I don't recall for sure, but I think that the lock table has one entry per
lockable object, while the pg_locks view shows separate entries for
different lock modes on the same object.

                        regards, tom lane

Re: Assistance with an out of shared memory error

From
Mladen Gogala
Date:
On 1/13/22 18:35, Tom Lane wrote:
> .. or else reduce the number of partitions you're using.  (People
> frequently seem to think that more partitions are free.  That is
> extremely not true.  I generally think that if you're using more
> than a few dozen partitions per table, you are making a mistake.)

Interesting. What resources do partitions consume? Is it documented 
anywhere? Why do you think that more than a few dozen partitions is a 
mistake?

Thanks in advance for your explanation.

-- 
Mladen Gogala
Database Consultant
Tel: (347) 321-1217
https://dbwhisperer.wordpress.com




Re: Assistance with an out of shared memory error

From
Tom Lane
Date:
Mladen Gogala <gogala.mladen@gmail.com> writes:
> On 1/13/22 18:35, Tom Lane wrote:
>> .. or else reduce the number of partitions you're using.  (People
>> frequently seem to think that more partitions are free.  That is
>> extremely not true.  I generally think that if you're using more
>> than a few dozen partitions per table, you are making a mistake.)

> Interesting. What resources do partitions consume?

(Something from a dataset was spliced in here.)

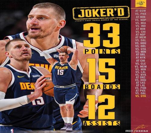 在近期緊密賽程中,四天之內(nèi)他竟要出戰(zhàn)三場比賽,且表現(xiàn)堪稱卓越:與太陽隊交鋒時,他豪取23分、17籃板17次助攻;對陣獨行俠,他再度砍下23分、21個籃板與19次助攻;面對爵士,更是火力全開,斬獲33分、15個籃板和12次助攻。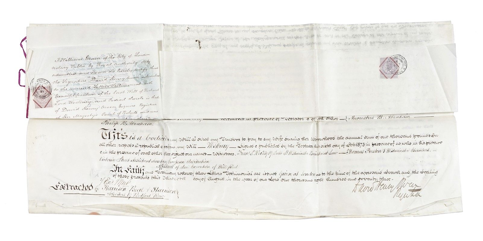 Manoscritto pergamenaceo a inchiostro nero, formato da tre pergamene legate tra loro. Testo in inglese. Conservati: un grande sigillo cartaceo, a secco e in rilievo, con lo stemma della regina Vittoria, un Embossed Tax Stamp (particolare bollo a secco blu, con piccolo inserto metallico lucido: ricevuta pagamento tasse), un sigillo notarile cartaceo rosso con laccetti in seta, vari bolli e annulli inglesi e italiani (Roma). Perfette condizioni. Dimensioni: 630x500 mm.

Locks, planning time, execution time, cache-management overhead.
To the extent that all of your queries against a table can be
"pruned" to only touch a few partitions, you might come out ahead on
execution time; but I think few workloads are completely stylized
like that.

The poster-child use case for partitions is where you can make
them fit a recurring bulk-deletion scenario; for instance, once
a month you want to drop the oldest month's worth of data.
If you've got terabytes of data then there's also something to
be said for being able to split up vacuuming and other background
overhead.  But I think a lot of people are way too eager to
apply partitioning where it doesn't fit, or to overuse it even
where it does fit.

            regards, tom lane